Народная Русь - Аполлон Коринфский
Шрифт:
Интервал:
Закладка:
Вернулся в Киев богатырь, положил свой ярлык перед Красным-Солнышком, а сам принялся речь вести про все виденное. Но и тут не взял угомон задорного Чурилу: вызывает он Дюка Степановича биться с ним о новый велик-заклад: «скакать на добрых коней за матушку Почай-реку и назад на добрых конях отскакивать». И вот — «ударились они о своих о буйных головах: который из их не перескочит, так у того молодца голова срубить». Осрамился перед Степановичем Пленкович. И уже выдернул Дюк саблю, хотел рубить щеголю-нахальщику голову, да вступились князь со княгинею: «Удалый, дородний добрый молодец! Не руби ты Чурилу буйной головы, да спусти ты Чурила на свою волю!» Внял просьбе заезжий богатырь, — «пинал» он своего соперника, «правой ногой», а сам — Дюк — приговаривает: «Ай де ты Чурило сухоногие, да поди щапи с девками да с бабами, а не с нами, с добрыми молодцами!» Князю с княгинею от Степановича низкий поклон; прощается боярский сын с ласковыми хозяевами Киева, ведет прощальное словцо и к киевлянам: «Да простите вы, бояра все киевски, все мужики огородники! Да вспоминайте вы Дюка веки на веки!» С тем словом и уехал он «во свой Галич-град, ко своей-то родимой сударыни, да стал жить-быть, век коротати», — кончается былинный сказ, посвященный прославлению богатства зарубежного. Диву давались киевляне — «мужики-огородники», — на Дюково богатство глядючи; но не перещапить бы и ему того, чем богатым слыл с незапамятной поры народ русский, не гонящийся за шелками-бархатами, каменьями-«яфонтами», а крепкий-сильный своею нерушимой связью с Матерью-Сырой-Землею. Счастлив Дюк, что пришлось ему вступить в состязание с Чурилой — бабьим перелестником. А что сталось бы, если б судьба поставила его грудь с грудью с Микулой Селяниновичем, до сих пор крестьянствующим на Святой Руси — в лице поздних потомков своих правнуков, все богатство которых составляют хлеб насущный, конь-пахарь да полоса-полосынька!.. Того и гляди, в сравнении с этим вековечным богатством народа-пахаря свелось бы на бедность хваленое богачество.
Калики перехожие, убогие певцы, сказатели духовных стихов, еще и в наши дни попадающиеся на Святой Руси, являются ярким воплощением взгляда русского народа на взысканную Богом бедность.
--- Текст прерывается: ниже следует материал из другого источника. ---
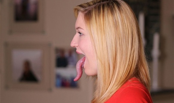 بالصور.. صاحبة أطول لسان في العالم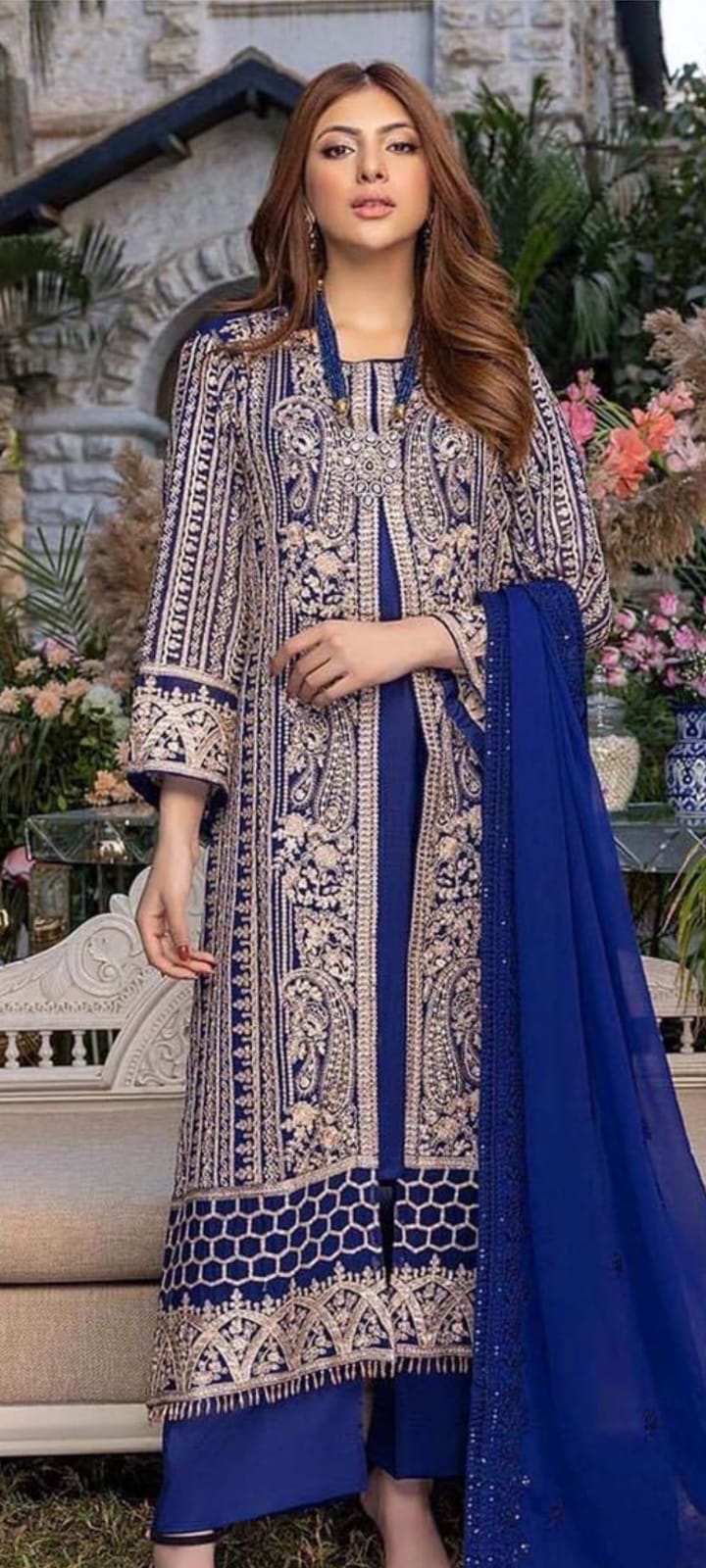 •Semi Pure Chiffon Sequence Embroidered Front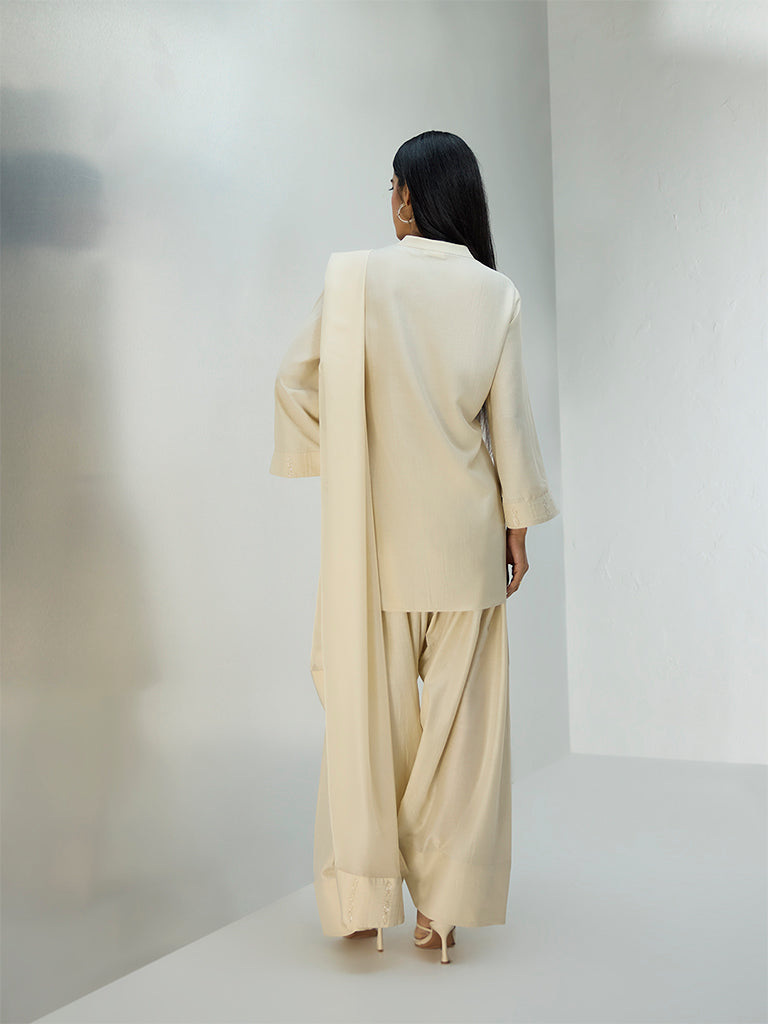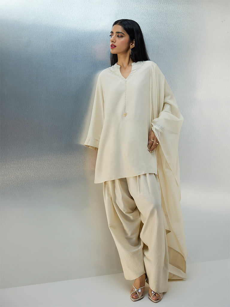 Float through celebrations in effortless elegance with this off-white ethnic set from Vark. Tailored from a lightweight fabric for all-day comfort. the A-line kurta features understated embellishments. a chic split neck. and graceful bell sleeves. Coordinated patiala-style salwar with an elasticated drawstring waist ensures ease of movement. while the soft dupatta drapes with festive sophistication.

С именем Христовым да умилительными песнями-сказаниями о Нем и святых Его проходят они из конца в конец весь неоглядный простор светлорусский — эти желанные гости сельских праздников и базаров, соперничающие в образе жизни с птицами, не сеющими, не жнущими и не собирающими в житницы, но питаемыми Отцом Небесным. В сказаниях стиховных о Вознесении Господнем, о которых своевременно велась уже речь на страницах настоящей книги, подробно повествуется о том — с каких пор появились на белом Божием свете калики перехожие. «Уж ты, Истинный Христос, Царь Небесный! Чем мы будем, бедные, питаться? Чем мы будем, бедные, одеваться, обуваться?» — расплакалась нищая братия — как вознесся Христос на небеса. Услышал Сын Божий плач убогаго люда. «Не плачьте вы, бедные-убогие! Дам я вам гору да золотую, дам я вам реку да медвяную: будете вы сыты и пьяны, будете обуты и одеты!» — был им глас с небеси. «Не давай ты им горы да золотыя, не давай ты им реки медвяныя: сильные-богатые отнимут; много тут будет убийства, тут много будет кровопролитья. Ты дай им свое святое имя: тебя будут поминати, тебя будут величати, — будут они сыты и пьяны, будут обуты и одеты!» — возразил Истинному Христу Иван Богослов, и даровал Царь Небесный нищей братии на прокормление вековечный дар — Свое святое имя.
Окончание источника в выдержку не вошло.